(WHAT YOU SHOULD DO): Print the line containing "The Dolled Up" and all lines after it to the end of the records below, exactly as written. No pictures.
== DATA FOR THIS EXERCISE ==
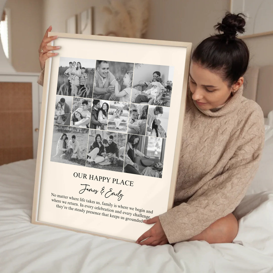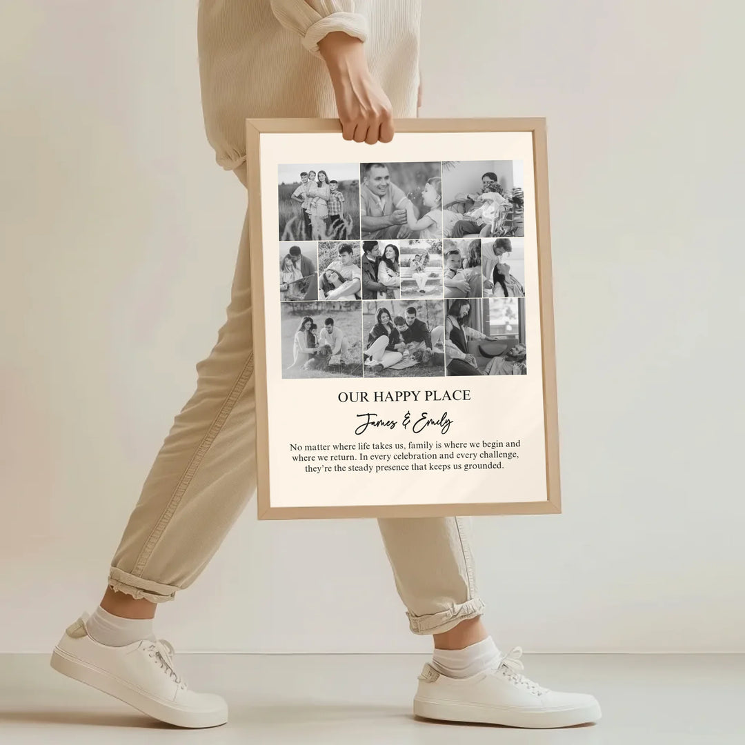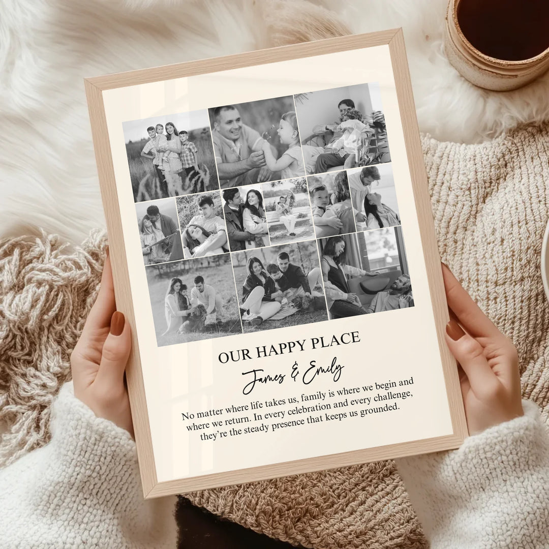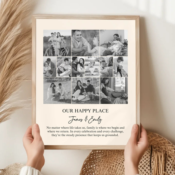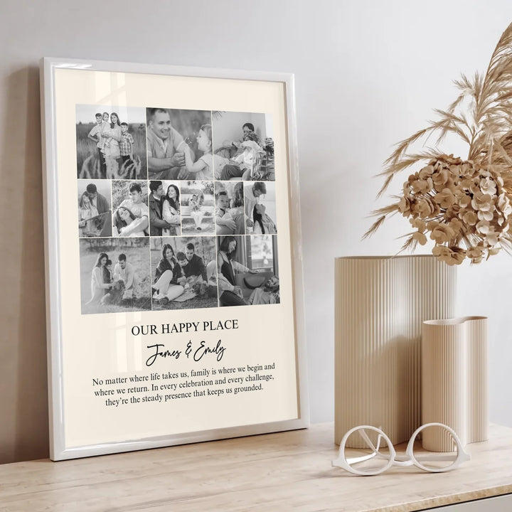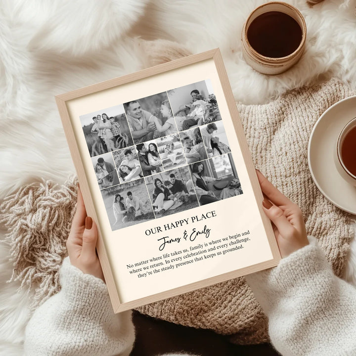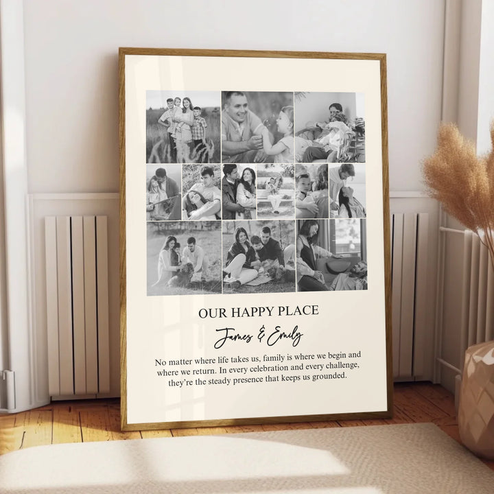 Celebrate the heart of your home with our Custom Family Photo Collage Print — a beautifully personalized piece that brings your favorite moments together in one elegant design. Featuring your chosen photos and family name, this wall art is a timeless tribute to love, laughter, and togetherness.
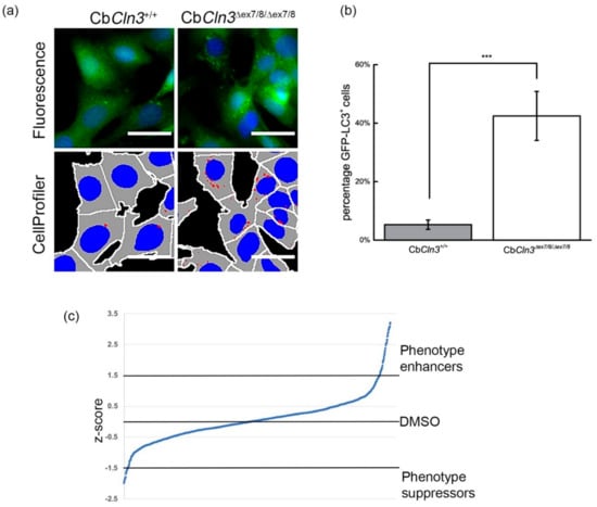 Overview of optimized GFP-LC3 high-content screening assay to monitor the abnormal accumulation of autophagosomes in CbCln3∆ex7/8∆ex7/8 cells. (a) Representative images of the GFP-LC3 signal in wild-type (CbCln3+/+) and CbCln3∆ex7/8∆ex7/8 cells and the masked images from CellProfiler, enabling vesicle and cellular counts in 384-well plates. In masked images, nuclei (blue), cell outline (gray), and GFP-LC3 puncta (red) are each outlined. Scale bars = 40 µm. (b) The relative percentages of GFP-LC3+ cells (defined as cells exhibiting ≥5 GFP-LC3 vesicles) in control wells (DMSO only) for wild-type (CbCln3+/+) and CbCln3∆ex7/8∆ex7/8 cells are shown. Error bars represent standard deviation from the mean. *** p < 0.001. (c) Scatter plot showing the distribution of z-scores for all compounds. “Phenotype enhancers” were those compounds with a z-score of ≥1.5 (data points above line at 1.5 on graph). “Phenotype suppressors” were those compounds with a z-score of ≤−1.5 (data points below line at −1.5 on graph).
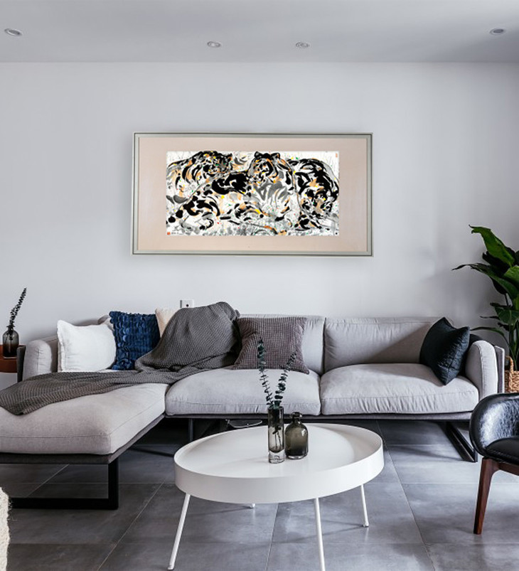 吴冠中综合版画《老虎之一》 装裱尺寸:130cm×78cm
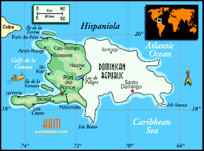 Haiti shares the island Hispaniola with the Dominican Republic.
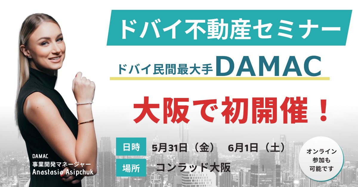 ドバイ民間最大手の DAMACは、ドバイ不動産セミナーを大阪で初開催いたします。貴重な機会なので、ご興味ある方は是非ご参加ください。大阪以外の方も、オンラインで参加いただけます。
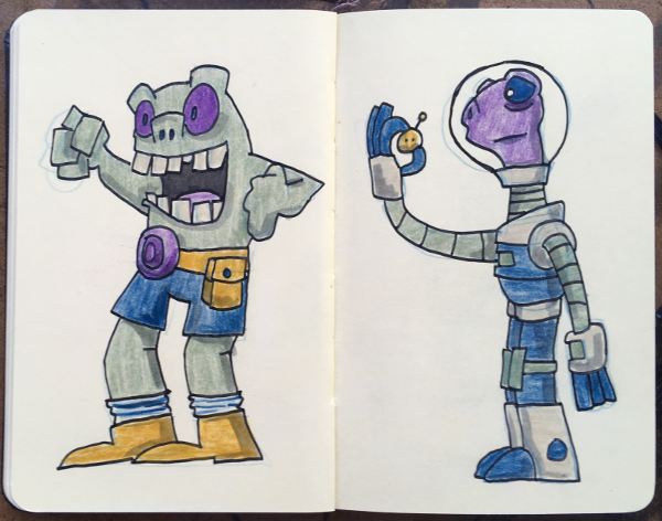 Moleskin Monster Sketchbook, part X August 20, 2018Doodlesaliens, color, color pencils, creatures, markers, moleskin monster sketchbook, monsters, paint markers, sketchbookgog A bunch of made up creatures. Markers, paint markers & color pencils in sketchbook.
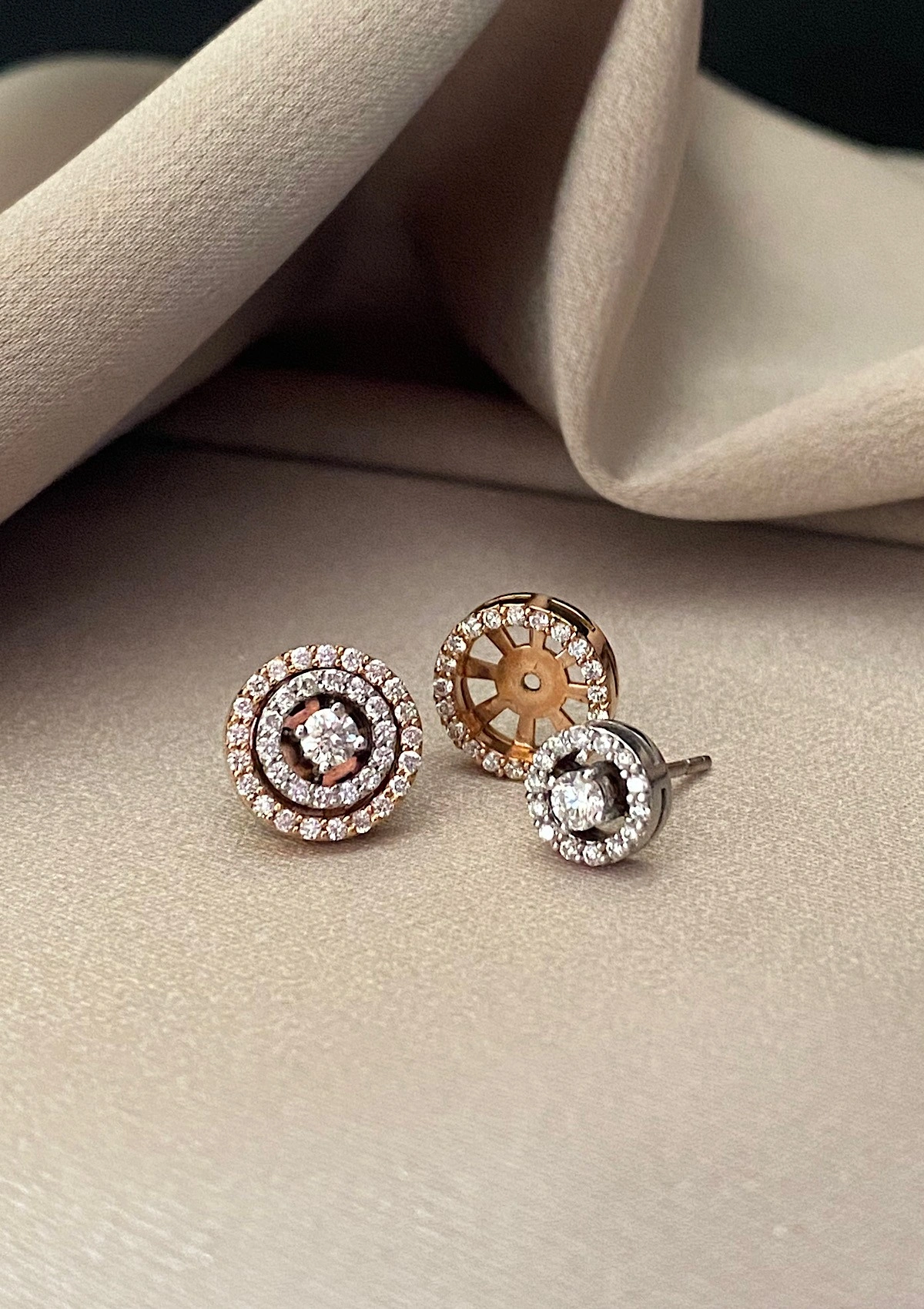 Brincos desmontáveis originais feitos de ouro branco e rosa de 18 quilates com um duplo halo de diamantes em lapidação brilhante.
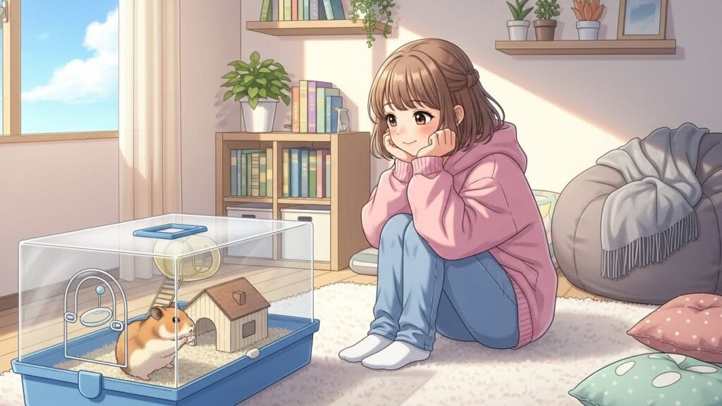 「最近、夜になっても回し車で遊んでないな」って思ったら、それは体力が落ちてきた証拠。無理に起こさず、静かに寝かせてあげてね。寝床の近くに新鮮な水とご飯を置いて、移動の負担を減らしてあげるのがベストだよ。
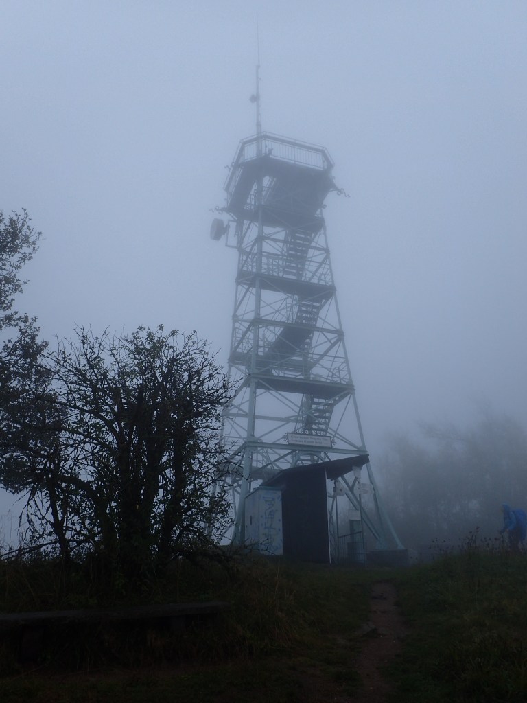 The climb through the woods to the Blauen at 1,164 metres was very pleasant, atmospheric and relatively easy, apart from one steep and rocky section on the last 200 metres before the top. I emerged at the foot of a viewing tower which would have been great to climb on a clear day but, by now, the fog was almost as thick as on the Belchen the day before, albeit without the high wind. Once again, I was on a Black Forest summit renowned for its view and unable to see a thing.
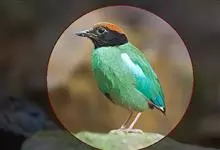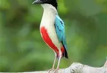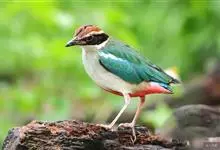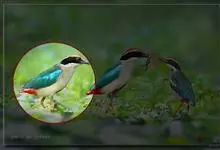 绿胸八色鸫:是雀形目八色鸫科的鸟类,共有12个亚种。体长为16-18厘米,体重65-69克。体型圆胖,尾短,腿长。头黑,上体绿色,两翼深色而具白色斑纹,头顶至后枕深褐,胸及腹部苹果绿,臀亮红。…全部>>
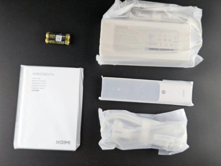 La boite du XGIMI Horizon S Pro est assez imposante par rapport à la taille du projecteur. C'est principalement la couche de protection qui ajoute du volume. Le projecteur est livré avec une télécommande, deux piles AAA, un manuel en plusieurs langues, un énorme bloc d'alimentation et un cable d'alimentation.
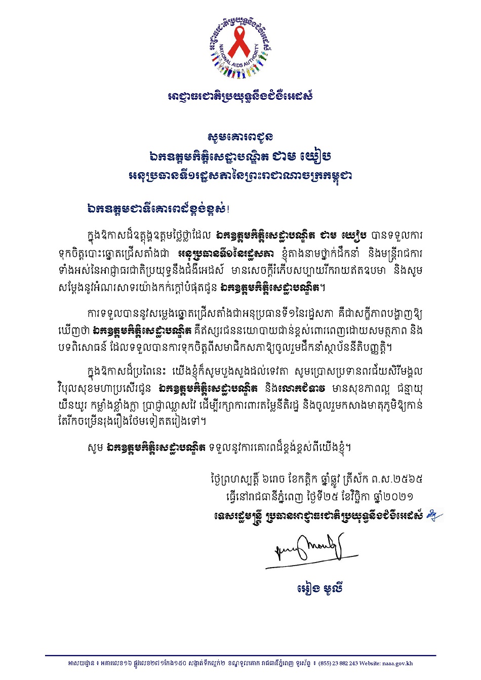 លិខិតអបអរសាទរគោរពជូន ឯកឧត្តមកិតិសេដ្ឋាបណ្ឌិត ជាម យៀប បានទទួលការទុកចិត្តបោះឆ្នោតជ្រើសតាំងជា អនុប្រធានទី១នៃរដ្ឋសភា នៃព្រះរាជាណាចក្រកម្ពុជា
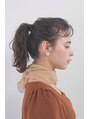 全体に波巻きにして、ミドルの高さにポニーテール。残った毛をねじりながらゴムを隠すように留める。ポイントとなる前髪は細めのコテで。
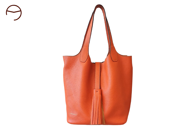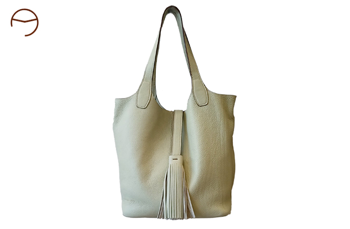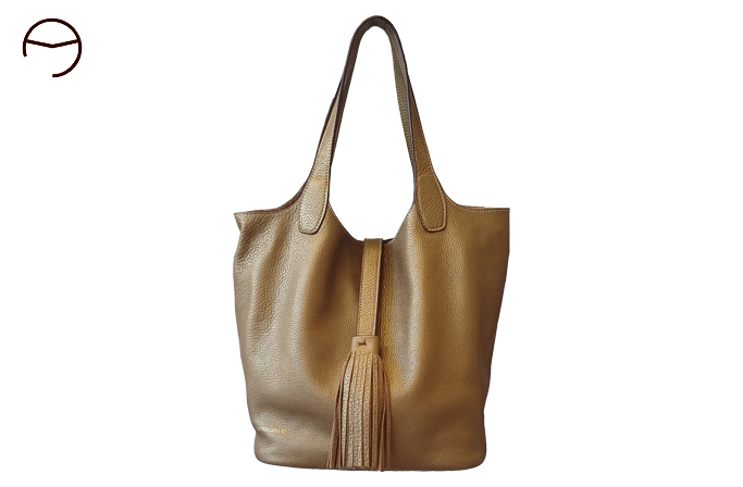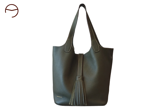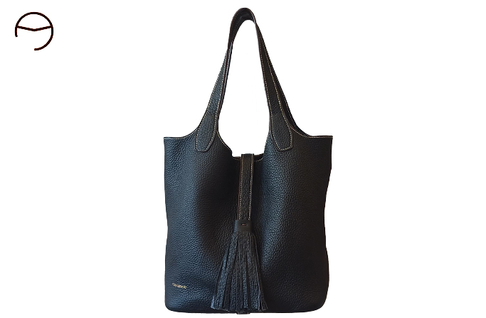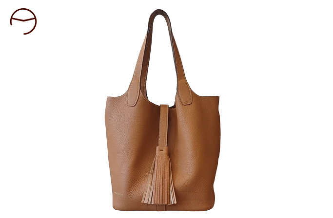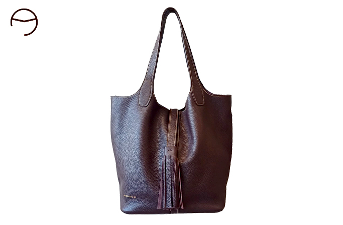El modelo ANGELES LEIVA 92 es un bolso de gran amplitud realizado en piel graneada de primera calidad. Sin forro y con los bordes cosidos, este bolso presenta una estructura flexible. La costura central le proporciona solidez al material. Gracias a su lámina central ajustable, es posible modificar el ancho de su apertura, permitiendo un acceso fácil y cómodo. La elegante borla que lo adorna en el extremo consigue que se abra y cierre con fluidez. Sus asas son muy cómodas para llevarlo al hombro o en la mano, y además, incluye una bandolera larga de piel para llevarlo cruzado. Su base rígida y con remaches dorados en las esquinas le proporciona estabilidad. Dispone de un bolsillo extraíble colgado de un asa para acceder a objetos cómodamente.
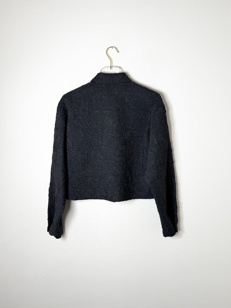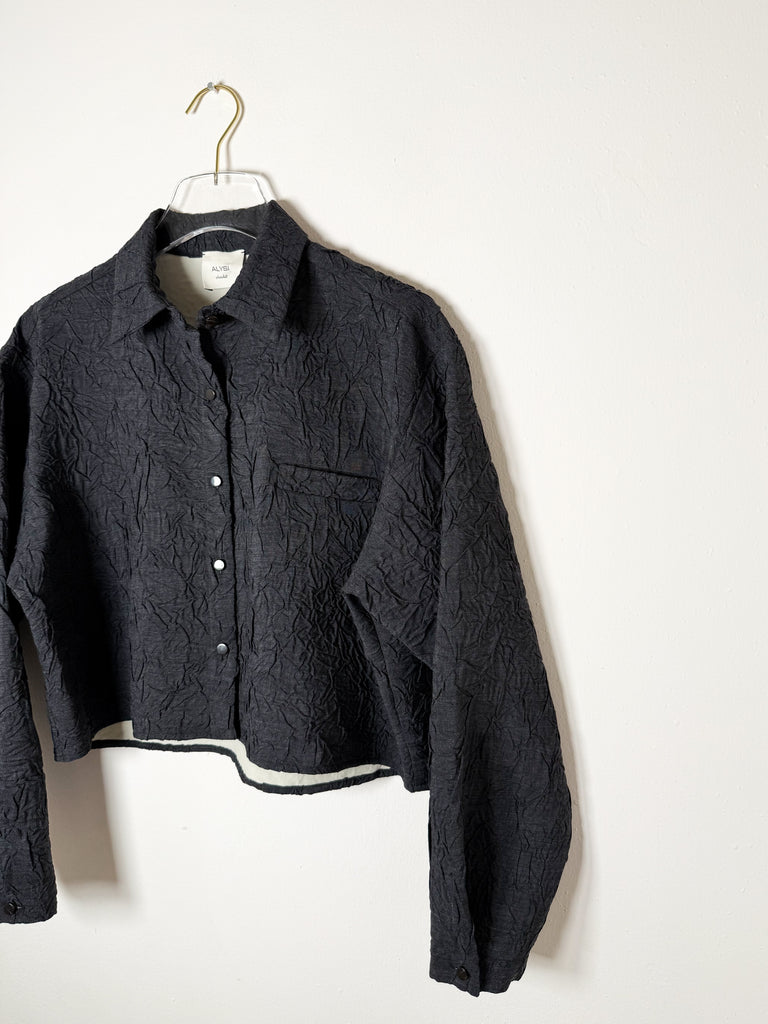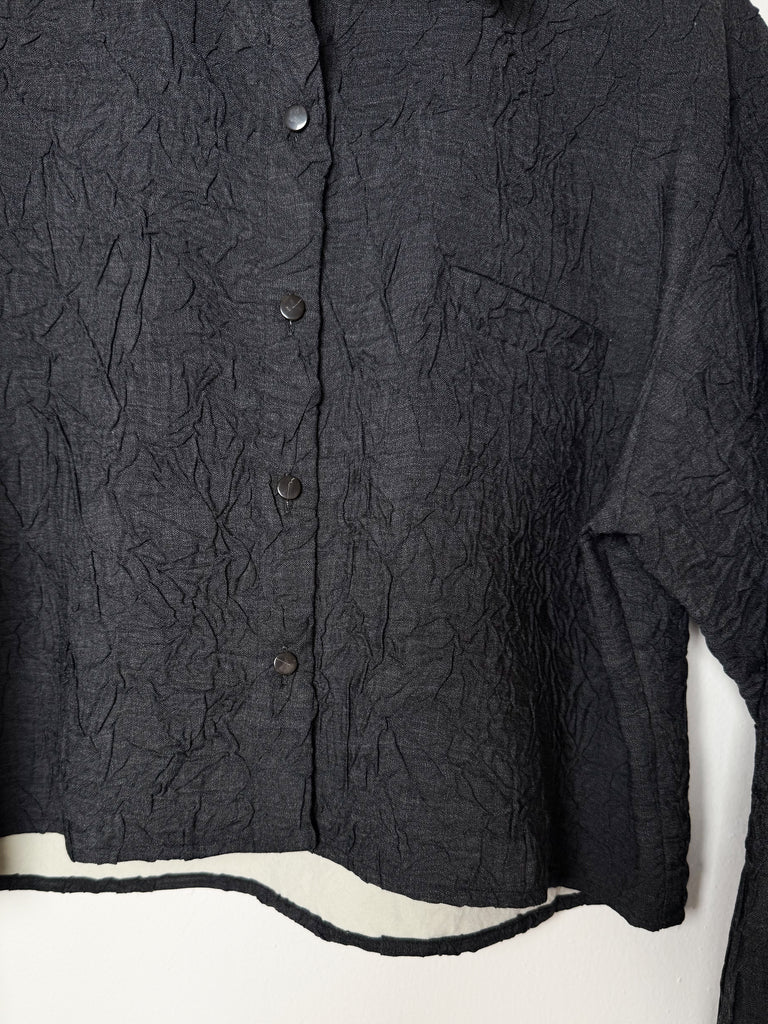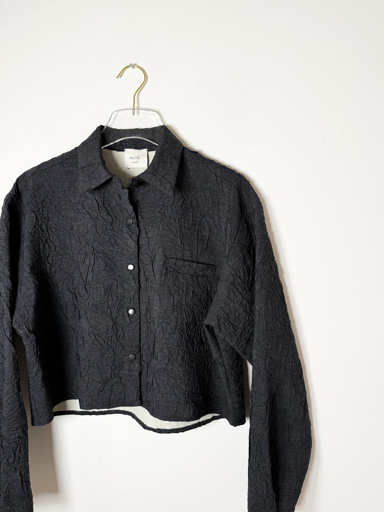 This cropped button-down features a collar and a fully lined interior. Its charcoal-colored textured fabric adds subtle depth, making it versatile to wear either as a top or layered like a jacket.
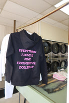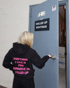 The Dolled Up Essentials Hoodie in black is your go-to statement of cozy luxury and bold confidence. Crafted from premium heavyweight fleece, it features the signature Dolled Up Boutique logo on the front in hot pink and the iconic quote on the back —
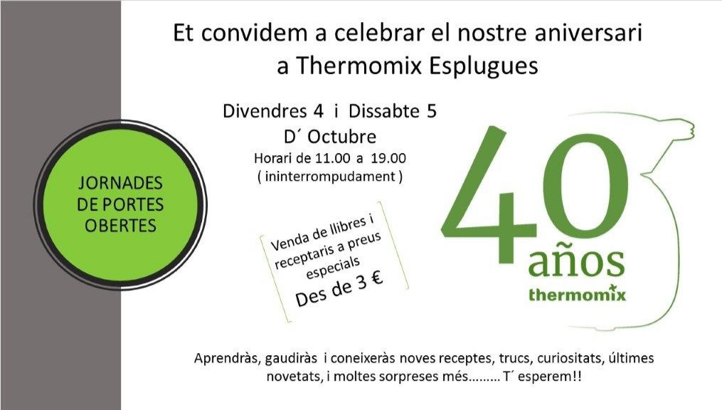 No t’ho pots perdre!!. Vina amb que vulguis, familia, amics... Son 40 anys de Thermomix!!! I ho volem celebrar amb tots els nostres clients!! T’esperem!!
===
(TASK ANSWER):
 The Dolled Up Essentials Hoodie in black is your go-to statement of cozy luxury and bold confidence. Crafted from premium heavyweight fleece, it features the signature Dolled Up Boutique logo on the front in hot pink and the iconic quote on the back —
 No t’ho pots perdre!!. Vina amb que vulguis, familia, amics... Son 40 anys de Thermomix!!! I ho volem celebrar amb tots els nostres clients!! T’esperem!!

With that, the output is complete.